Open Letter to McDonalds from Farmers on Decision to Change to Cage-Free Eggs

 

On Wednesday, September 9th egg farmers across this nation read with great interest McDonald’s press release on the decision to transition to cage-free eggs. As a major buyer of shell eggs, you have the right to outline your specifications, but in claiming the transition was to provide more humane and better quality eggs, you have damaged the majority of egg farmers nationwide and have put on alert the entire agricultural community.

 

When you became co-sponsors of the Coalition for Sustainable Egg Supply, the results did not conclude that cage-free eggs are produced more humanely, nor are they better quality.

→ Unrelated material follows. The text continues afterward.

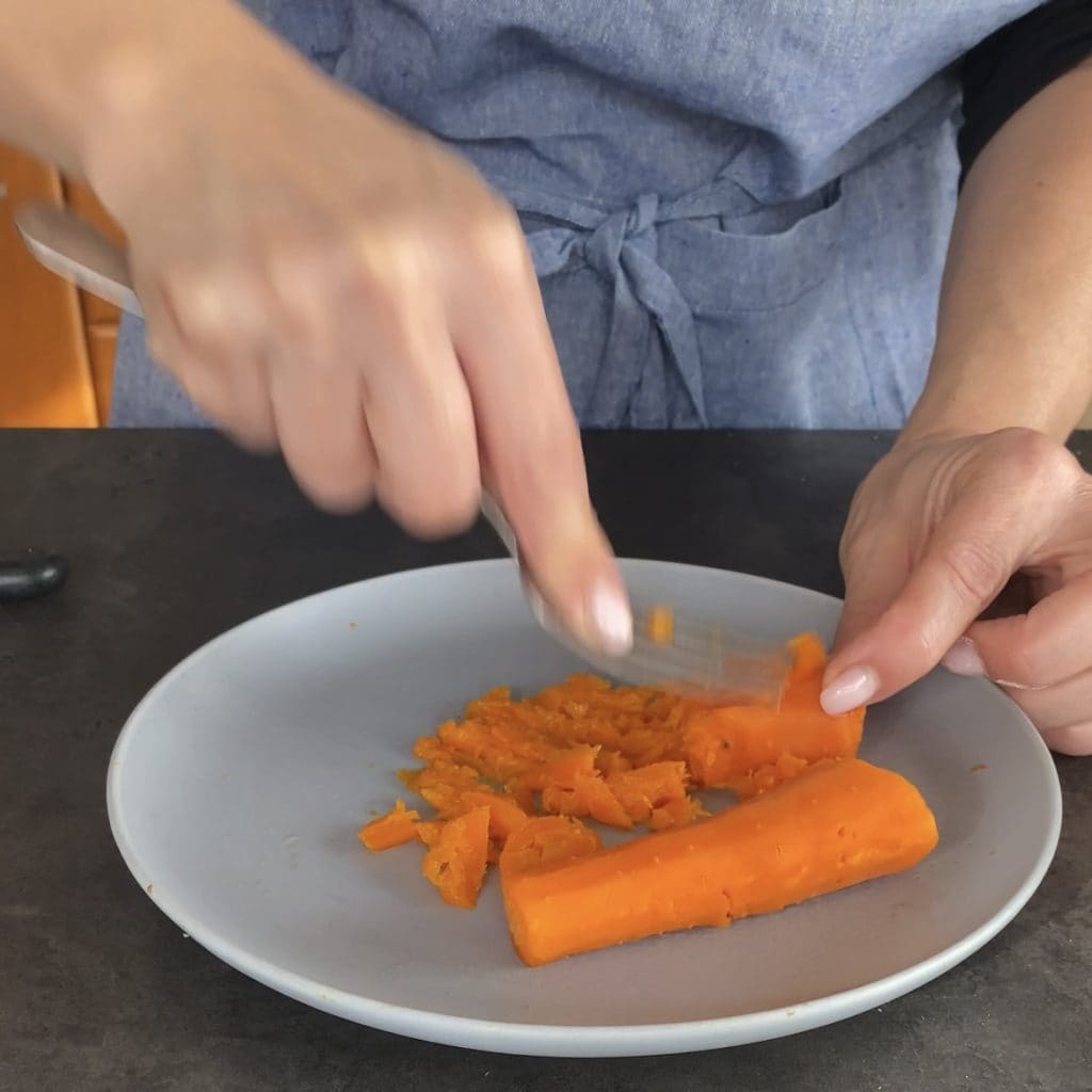 Quando a cenoura estiver cozida, escorra-a e amasse-a com um garfo.
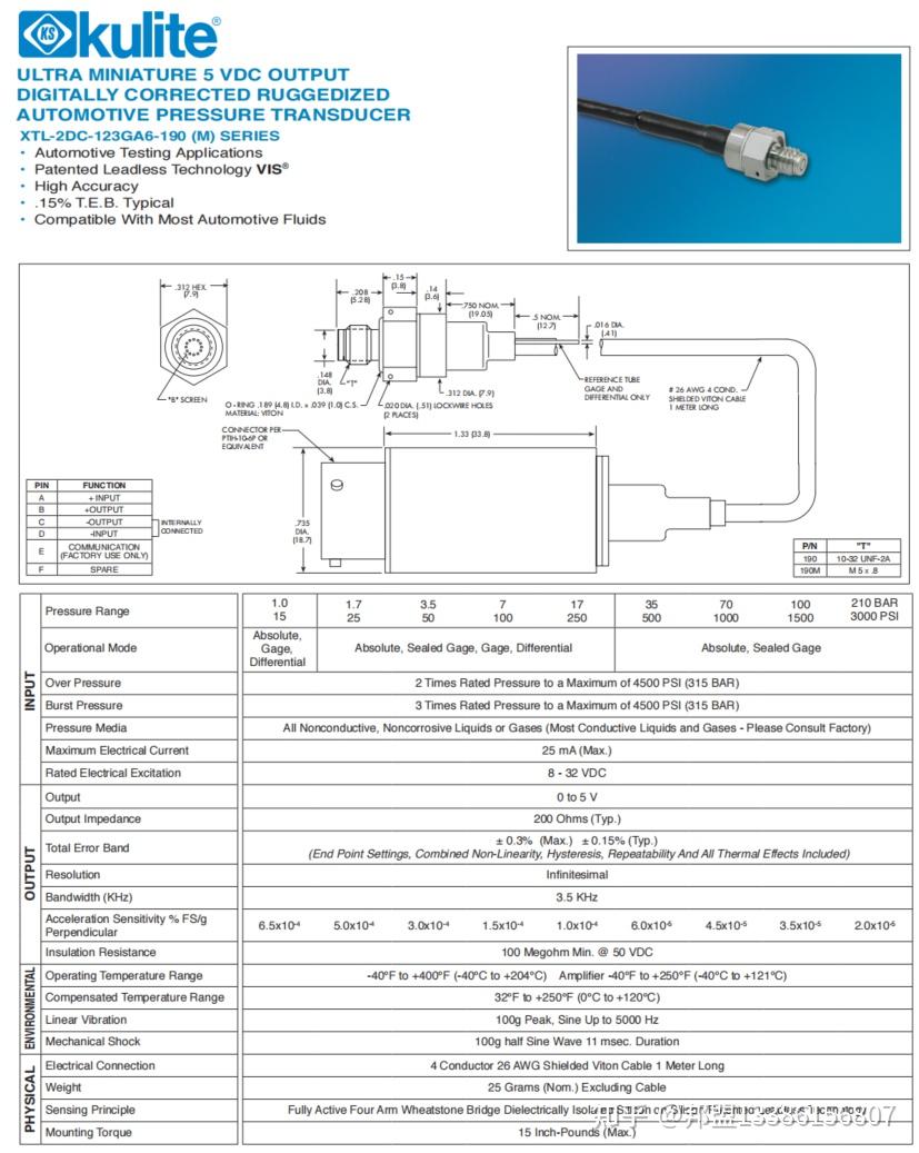 kulite压力传感器以其体积小、精度高、耐高温和加速度不敏感设计等优势,被广泛应用在变速箱研发过程中的油压测试。也是世界上仅有的可以放在变速内部测试传感器产品。XTL-2DC-123GA6-190-35BARSG和XTL-2DC-123GA6-190-70BARSG是两个常用量程型号。

In effect you threw those scientists and the egg farmers who believed in you “under the bus”. Every egg farmer knows that increasing the population size of a flock of chickens increases the stress on those chickens due to the establishment of a “pecking order” among the chickens.  The behavior inherent in chickens is to determine the social standing of the individual hens through “pecking” each other.  The individual chicken lower in the social order is pecked the most.  When chickens are housed in conventional cages with 6 chickens, the establishment of this pecking order is minimized compared to thousands of chickens in a cage-free environment.  Imagine the chicken on the lower end of the pecking order among a population of thousands compared to only six chickens.

 

Concerning the claims from McDonald’s about improving the quality of food, consider the food safety concerns reported on with cage-free eggs. The Journal Poultry Science in 2011 [90, pp. 1586-1593] published “Comparison of shell bacteria from unwashed and washed table eggs harvested from caged laying hens and cage-free floor-housed laying hens.”  This study found that the numbers of bacteria on eggs was lower in housing systems that separated hens from manure and shavings. Conventional cages allow the feces to drop through the screen floor whereas in cage-free systems, the eggs are laid in the same general area for manure.  The potential for contamination is increased.

 

These results were confirmed in the Journal Food Control published a study June 17, 2014 entitled “Microbiological Contamination of Shell Eggs Produced in Conventional and Free-Range Housing Systems”  The conclusions state “Battery caged hens (conventional cages) are standing on wire slats that allow feces to fall to a manure collection system beneath the hens.  Conversely, free-range hens (cage-free) laid their eggs in nest boxes on shavings and the eggs remained in contact with hens, shavings and fecal material until they are collected.  The longer contact time with free-range hens, shavings and feces would explain the higher enterobacteriaceae counts (pathogenic bacteria) on free-range eggs as compared to battery caged eggs.”

 

You may congratulate yourselves on this new policy, and animal activists will mark their score cards as accomplishing another defeat for egg farmers. The egg farmers themselves are wondering why anyone would want to revert to the former ways of producing eggs that was more stressful for the chicken and may compromise the quality and food safety of the eggs for their consumers.

There will some who oppose this viewpoint and will try to marginalize our association or me personally.  So, for the record, the National Association of Egg Farmers has 277 egg farmers as members.  That’s among the largest of all national egg associations.  Most are small family farms ranging from one managing 8,000 chickens to others with greater than 5 million chickens.  Other groups have more chickens in their member base, but the larger farmers who can weather the transition are gleeful to see the smaller farmers leave the business and the markets they’ve established.  For me personally, I have served the egg industry for nearly 35 years in executive capacities.  Initially I was the Senior Vice President at United Egg Producers (UEP) before moving to London, England to serve as Director General of the International Egg Commission.  After returning to the U.S., UEP invited me back to head up their Washington, DC office.  I left of my own volition in 2004 when I saw upper management making decisions that I considered injurious to some egg farmers.